P‐values between active TB and other groups:

ESAT6 (#: P = 0.0006, *: P = 0.0071, $: P = 0.0014)

CFT10 (#: P = 0.0033).

Acr (#: P < 0.0001, *: P = 0.0005)

MDP1 (#: P < 0.0001, *: P = 0.0015)

Ag85A (#: P < 0.0001, *: P = 0.0017, $: P = 0.0027, &: P < 0.0001)

Individuals with recent LTBI had significantly higher logarithm‐converted antibody titers against ESAT6 than those in the groups with no Mtb infection or remote LTBI (P < 0.0001; P = 0.0004, respectively); the same was true for MDP1 (P < 0.0001; P = 0.0003, respectively) (Figure 1). In the recent LTBI group, the proportions with antibodies against ESAT6, CFP10, Ag85A, Acr, and MDP1 were 85%, 8%, 38%, 31%, and 77%, respectively. Two patients(15%) had no absorbance for antibodies against any of the five antigens. No increases in antibody titers against other antigens (DosS, HBHA, HrpA, and Ag85B) were detected in the recent LTBI group (data not shown).

Comparative analysis of IgG antibody titers against four *Mtb* antigens among the five study groups. Individuals with recent LTBI had significantly higher logarithm‐converted antibody titers against ESAT6 (P < 0.0001; P = 0.0004) and MDP1 (P < 0.0001; P = 0.0003) than those in the groups with no *Mtb* infection or remote LTBI. ESAT, early secretory antigenic target; LTBI, latent tuberculosis infection; MDP1, mycobacterial DNA‐binding protein 1; *Mtb*, *Mycobacterium tuberculosis* [Color figure can be viewed at wileyonlinelibrary.com]

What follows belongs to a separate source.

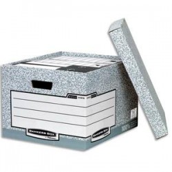BANKERS BOX Lot 10 boîtes archives dos 15cm BASIQUE, montage manuel, carton recyclé. Sous film.

3.3. Relationships between logarithm‐converted antibody titers against the five selected antigens

There were significant correlations between all pairs of antibody titers against ESAT6, CFP10, Ag85A, Acr, and MDP1 (all P < 0.0001) (Figure 2). Although some antibodies were not detected in some patients, the antibody titers in patients with active TB were the highest (right‐upper area in Figure 2), followed by the antibody titers in individuals with recent LTBI. The antibody titers of individuals in the group with no Mtb infection were generally low.

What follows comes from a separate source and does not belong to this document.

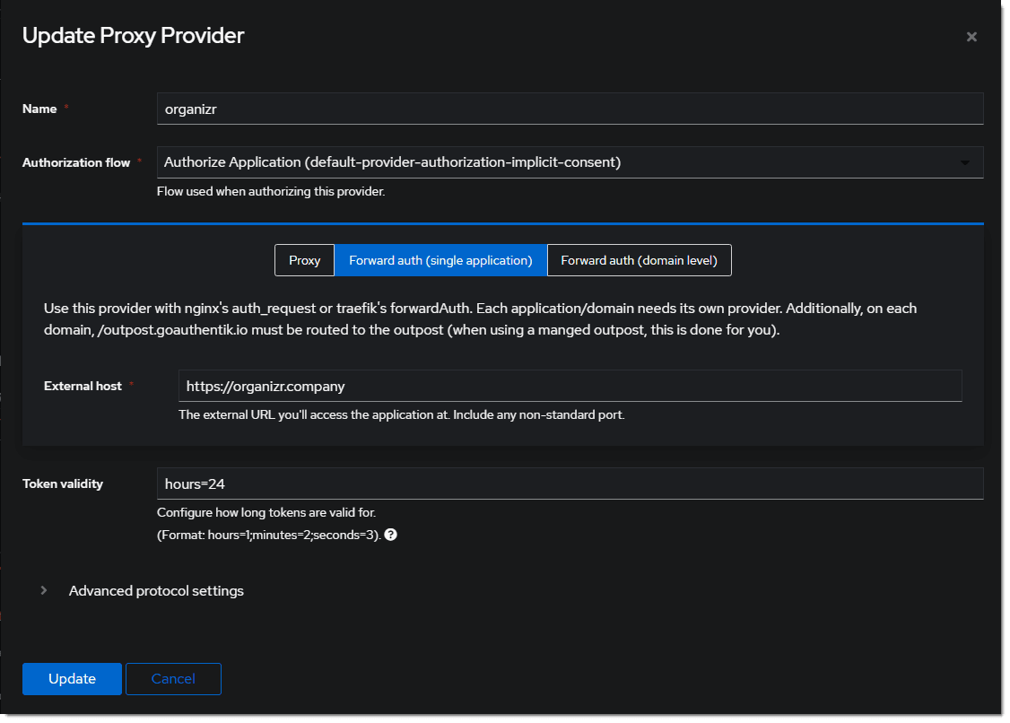 1. Create a new Proxy Provider for https://organizr.company Optionally, add the regular expression to allow api calls in the advanced protocol settings.

Relationships between logarithm‐converted antibody titers against the five selected antigens in all participants. There were significant correlations between all pairs of antibody titers against ESAT6, CFP10, Ag85A, Acr, and MDP1 (all P < 0.0001). Each symbol indicates an individual from one of the five groups [Color figure can be viewed at wileyonlinelibrary.com]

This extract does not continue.